◆ RECORDS:
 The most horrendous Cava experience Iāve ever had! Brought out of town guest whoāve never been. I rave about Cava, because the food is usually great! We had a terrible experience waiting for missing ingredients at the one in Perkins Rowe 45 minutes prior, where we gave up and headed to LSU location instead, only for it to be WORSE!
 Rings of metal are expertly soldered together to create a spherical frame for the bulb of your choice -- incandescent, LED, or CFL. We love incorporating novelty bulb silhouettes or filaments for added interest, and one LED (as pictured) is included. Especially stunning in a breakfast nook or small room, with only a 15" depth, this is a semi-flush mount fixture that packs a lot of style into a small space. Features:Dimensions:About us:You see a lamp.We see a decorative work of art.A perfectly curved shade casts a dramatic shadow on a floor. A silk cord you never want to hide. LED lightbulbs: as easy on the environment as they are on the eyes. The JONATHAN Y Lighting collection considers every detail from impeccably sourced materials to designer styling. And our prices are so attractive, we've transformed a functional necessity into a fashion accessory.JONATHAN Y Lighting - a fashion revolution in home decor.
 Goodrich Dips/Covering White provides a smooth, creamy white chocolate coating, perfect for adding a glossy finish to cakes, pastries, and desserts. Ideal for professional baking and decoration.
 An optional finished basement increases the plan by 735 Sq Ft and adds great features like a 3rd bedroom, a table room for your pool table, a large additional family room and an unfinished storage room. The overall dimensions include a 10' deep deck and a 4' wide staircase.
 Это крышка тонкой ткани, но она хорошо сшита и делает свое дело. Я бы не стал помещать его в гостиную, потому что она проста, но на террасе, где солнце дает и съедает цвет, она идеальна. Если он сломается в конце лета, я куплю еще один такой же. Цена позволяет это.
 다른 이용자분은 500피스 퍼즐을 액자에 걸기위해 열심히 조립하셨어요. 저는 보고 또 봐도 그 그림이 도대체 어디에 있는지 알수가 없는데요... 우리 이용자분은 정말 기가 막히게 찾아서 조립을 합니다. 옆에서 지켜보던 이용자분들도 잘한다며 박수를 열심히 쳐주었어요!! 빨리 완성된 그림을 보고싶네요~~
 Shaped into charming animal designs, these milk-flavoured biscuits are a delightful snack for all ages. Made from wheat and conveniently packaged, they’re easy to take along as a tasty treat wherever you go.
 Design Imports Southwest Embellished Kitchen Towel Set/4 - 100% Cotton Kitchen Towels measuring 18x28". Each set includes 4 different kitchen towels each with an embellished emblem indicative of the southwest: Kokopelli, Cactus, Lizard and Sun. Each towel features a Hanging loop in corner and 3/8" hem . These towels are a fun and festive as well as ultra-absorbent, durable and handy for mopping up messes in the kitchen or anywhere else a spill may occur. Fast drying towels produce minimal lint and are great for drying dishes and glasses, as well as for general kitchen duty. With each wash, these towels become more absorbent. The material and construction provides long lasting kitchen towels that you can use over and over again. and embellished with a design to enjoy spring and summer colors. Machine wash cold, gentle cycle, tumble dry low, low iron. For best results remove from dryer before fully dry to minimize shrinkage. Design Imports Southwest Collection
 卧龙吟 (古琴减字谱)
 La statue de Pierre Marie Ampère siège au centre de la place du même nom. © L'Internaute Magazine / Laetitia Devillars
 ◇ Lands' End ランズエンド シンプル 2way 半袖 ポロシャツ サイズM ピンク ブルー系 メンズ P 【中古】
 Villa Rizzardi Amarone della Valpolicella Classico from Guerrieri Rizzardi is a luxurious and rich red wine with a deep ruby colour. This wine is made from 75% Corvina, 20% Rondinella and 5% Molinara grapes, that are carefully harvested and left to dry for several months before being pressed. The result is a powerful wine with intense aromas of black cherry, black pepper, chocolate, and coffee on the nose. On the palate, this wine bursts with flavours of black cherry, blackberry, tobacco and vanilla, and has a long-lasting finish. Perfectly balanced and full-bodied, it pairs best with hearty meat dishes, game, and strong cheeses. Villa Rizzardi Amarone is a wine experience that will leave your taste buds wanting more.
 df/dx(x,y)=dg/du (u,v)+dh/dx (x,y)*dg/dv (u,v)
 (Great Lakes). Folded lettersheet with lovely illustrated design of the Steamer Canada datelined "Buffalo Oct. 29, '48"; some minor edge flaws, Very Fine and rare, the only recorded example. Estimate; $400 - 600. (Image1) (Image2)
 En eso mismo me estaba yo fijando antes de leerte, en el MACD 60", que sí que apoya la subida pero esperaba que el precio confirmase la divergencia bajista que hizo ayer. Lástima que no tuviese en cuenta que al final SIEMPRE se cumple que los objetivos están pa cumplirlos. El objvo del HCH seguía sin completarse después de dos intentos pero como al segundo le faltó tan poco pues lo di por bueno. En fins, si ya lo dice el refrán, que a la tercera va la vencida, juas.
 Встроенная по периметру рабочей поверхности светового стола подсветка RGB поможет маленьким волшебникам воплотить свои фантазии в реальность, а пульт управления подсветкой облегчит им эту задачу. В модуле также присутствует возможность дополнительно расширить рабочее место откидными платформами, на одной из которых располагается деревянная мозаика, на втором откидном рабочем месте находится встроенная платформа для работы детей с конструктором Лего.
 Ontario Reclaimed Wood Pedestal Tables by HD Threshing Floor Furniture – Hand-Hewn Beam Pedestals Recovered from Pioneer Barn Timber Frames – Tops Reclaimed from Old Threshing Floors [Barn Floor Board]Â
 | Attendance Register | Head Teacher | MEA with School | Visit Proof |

◆ YOUR ASSIGNMENT: From the listing above, the lines starting with the one that has "Goodrich Dips/Covering White" and running through the one that has "Shaped into charming" should be copied exactly, ends included.

◆ SOLUTION TO THIS EXERCISE:
 Goodrich Dips/Covering White provides a smooth, creamy white chocolate coating, perfect for adding a glossy finish to cakes, pastries, and desserts. Ideal for professional baking and decoration.
 An optional finished basement increases the plan by 735 Sq Ft and adds great features like a 3rd bedroom, a table room for your pool table, a large additional family room and an unfinished storage room. The overall dimensions include a 10' deep deck and a 4' wide staircase.
 Это крышка тонкой ткани, но она хорошо сшита и делает свое дело. Я бы не стал помещать его в гостиную, потому что она проста, но на террасе, где солнце дает и съедает цвет, она идеальна. Если он сломается в конце лета, я куплю еще один такой же. Цена позволяет это.
 다른 이용자분은 500피스 퍼즐을 액자에 걸기위해 열심히 조립하셨어요. 저는 보고 또 봐도 그 그림이 도대체 어디에 있는지 알수가 없는데요... 우리 이용자분은 정말 기가 막히게 찾아서 조립을 합니다. 옆에서 지켜보던 이용자분들도 잘한다며 박수를 열심히 쳐주었어요!! 빨리 완성된 그림을 보고싶네요~~
 Shaped into charming animal designs, these milk-flavoured biscuits are a delightful snack for all ages. Made from wheat and conveniently packaged, they’re easy to take along as a tasty treat wherever you go.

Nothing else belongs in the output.